§ **WHAT IS EXPECTED**: Nothing but the lines from the one containing "A bowl of Soto" through the end of the data below should appear in the answer, each exact and free of pictures.

§ **DATA SECTION**:
____________
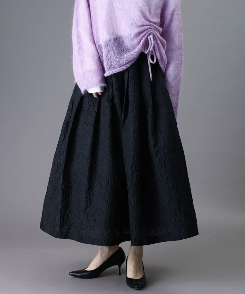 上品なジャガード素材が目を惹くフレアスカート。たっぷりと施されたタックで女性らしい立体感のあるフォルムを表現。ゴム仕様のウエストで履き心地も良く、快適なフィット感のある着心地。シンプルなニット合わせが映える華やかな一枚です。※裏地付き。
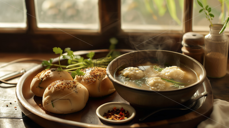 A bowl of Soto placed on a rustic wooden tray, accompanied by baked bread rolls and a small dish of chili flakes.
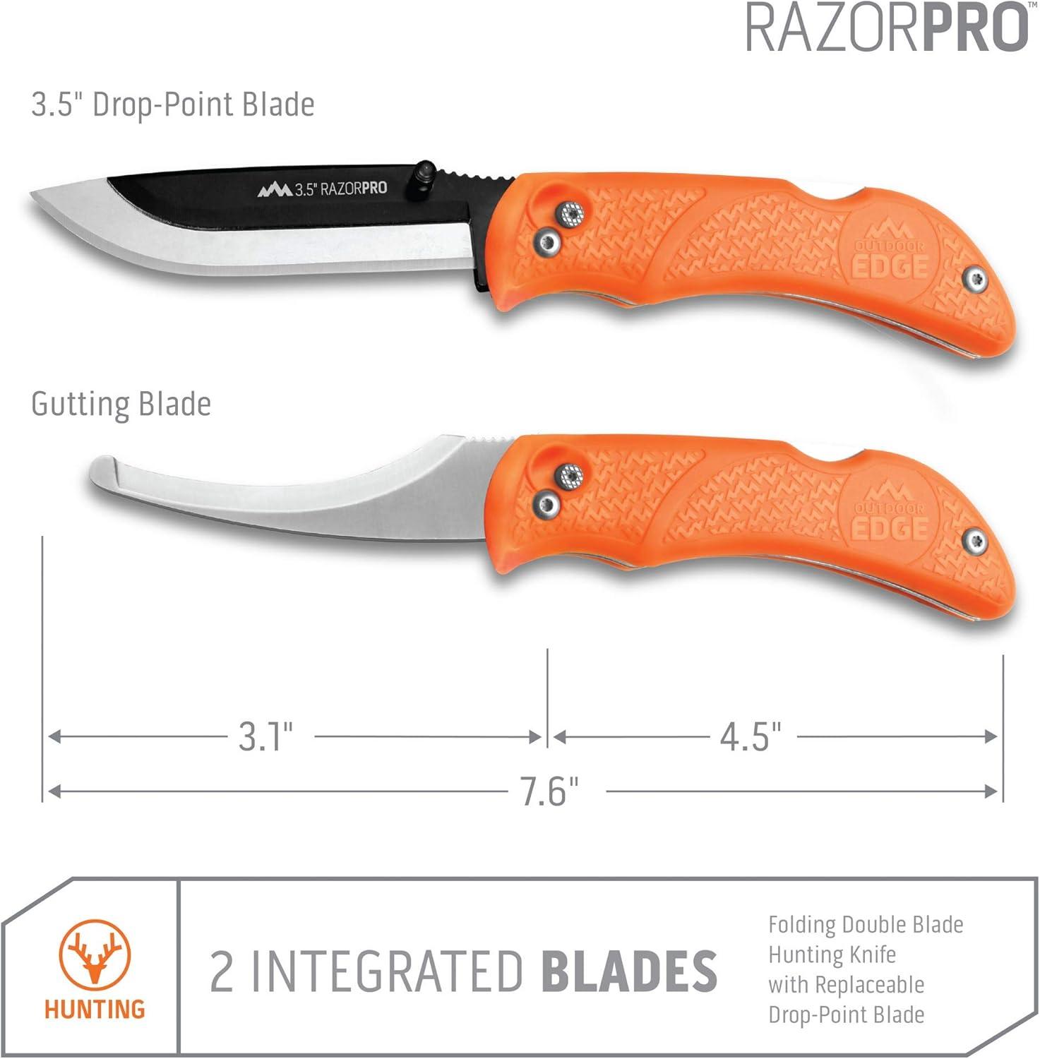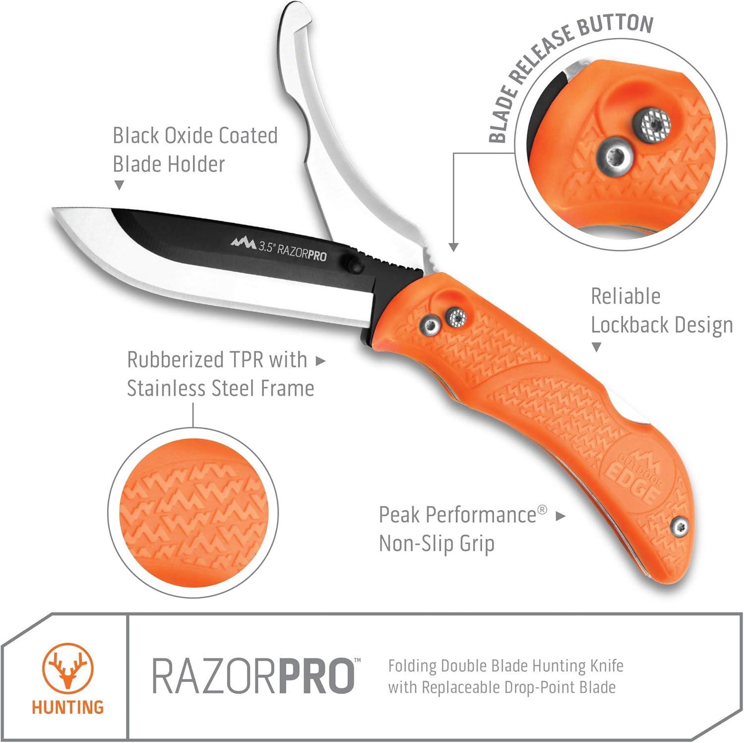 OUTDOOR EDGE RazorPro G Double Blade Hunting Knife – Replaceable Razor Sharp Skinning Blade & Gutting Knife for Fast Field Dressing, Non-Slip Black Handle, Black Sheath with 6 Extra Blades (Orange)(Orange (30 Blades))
____________
§ **OUTPUT OF THE TASK**:
 A bowl of Soto placed on a rustic wooden tray, accompanied by baked bread rolls and a small dish of chili flakes.
 OUTDOOR EDGE RazorPro G Double Blade Hunting Knife – Replaceable Razor Sharp Skinning Blade & Gutting Knife for Fast Field Dressing, Non-Slip Black Handle, Black Sheath with 6 Extra Blades (Orange)(Orange (30 Blades))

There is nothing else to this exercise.